Однако не менее емкую часть интертекстуального пространства повести занимает межтекстовый диалог с лермонтовскими претекстами, поэтическими и прозаическими.

Как становится ясным из текста, основным вопросом, стоящим перед героем довлатов-ской повести, оказывается вопрос: уезжать или не уезжать? отправиться вместе с женой и дочерью в эмиграцию или остаться на родине? Проблемный спор разворачивается в тексте преимущественно между главным героем и его женой, уже решившейся на отъезд, ответившей утвердительно на острый жизненный вопрос.

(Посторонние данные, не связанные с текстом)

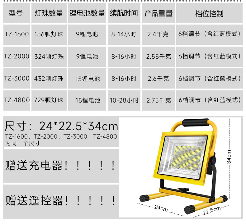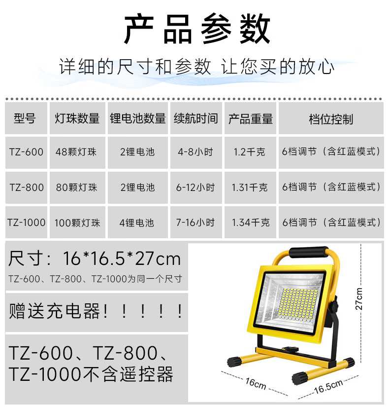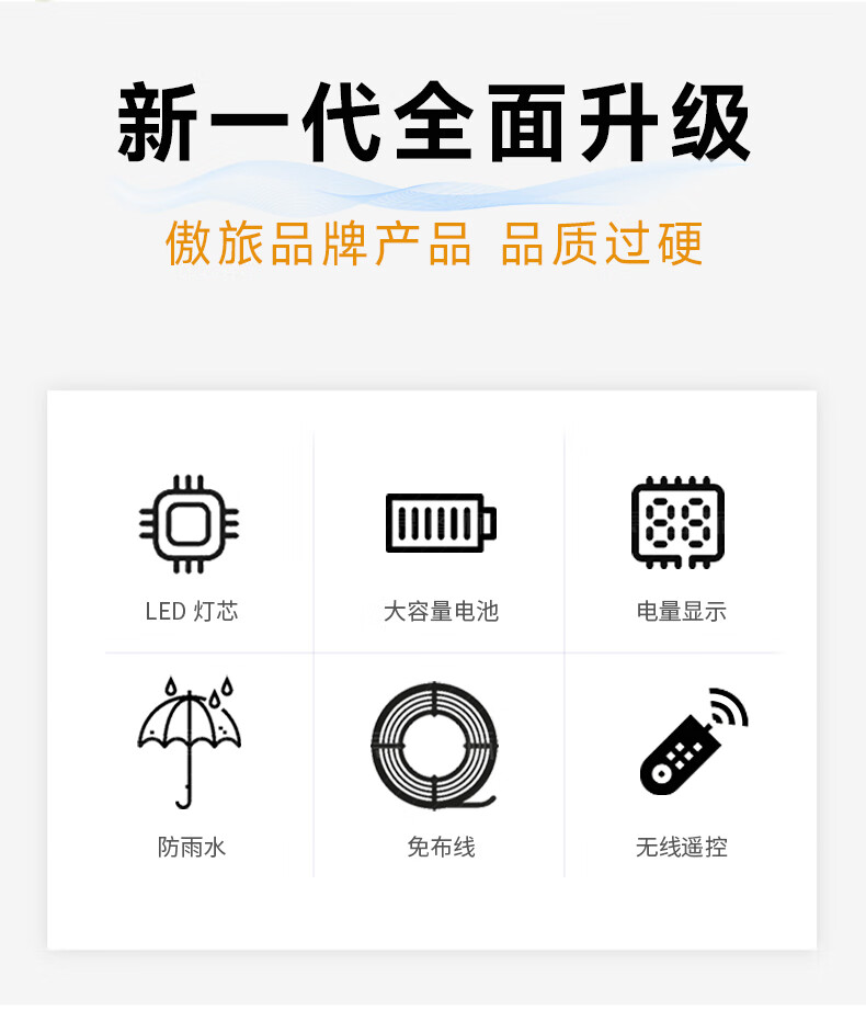 特色功能:很适合夜市小摊,野外露营,提供停电时候的照明所需 亮度很高很好用,有红蓝灯光作为警示功能,续航能力也很不错,材质做工:铝合金材质的,很结实。有遥控器也方便使用 设计风格:外观也很好看,很满意

Что касается главного героя Бориса Алиханова, то для него вопрос серьезно драматичен, не ясен, не решен, герой склоняется скорее к тому, чтобы остаться на родине, хотя для него, писателя, отсутствие свободы печататься, публично высказывать собственное мнение, вступать в диалог с читателем воспринимается острее и болезненнее, чем продуктово-промыш-ленный дефицит, бесконечные очереди или «рваные колготки» (которые лейтмотивом звучат в суждениях его жены). В условиях неразрешимого спора, в обстоятельствах выяснения истины о родине и изгнании поездка героя Алиханова из Ленинграда на летнюю работу в Пушкинские горы оказывается своего рода «сублимацией» [2, с. 216], попыткой через посредство литературы разрешить острейший жизненный вопрос - на примере судьбы Пушкина (и шире - русских литераторов) попытаться понять, что такое ссылка, заточение, изгнание, то есть - в жизненном хронотопе персонажа - согласиться с эмиграцией или отказаться от нее.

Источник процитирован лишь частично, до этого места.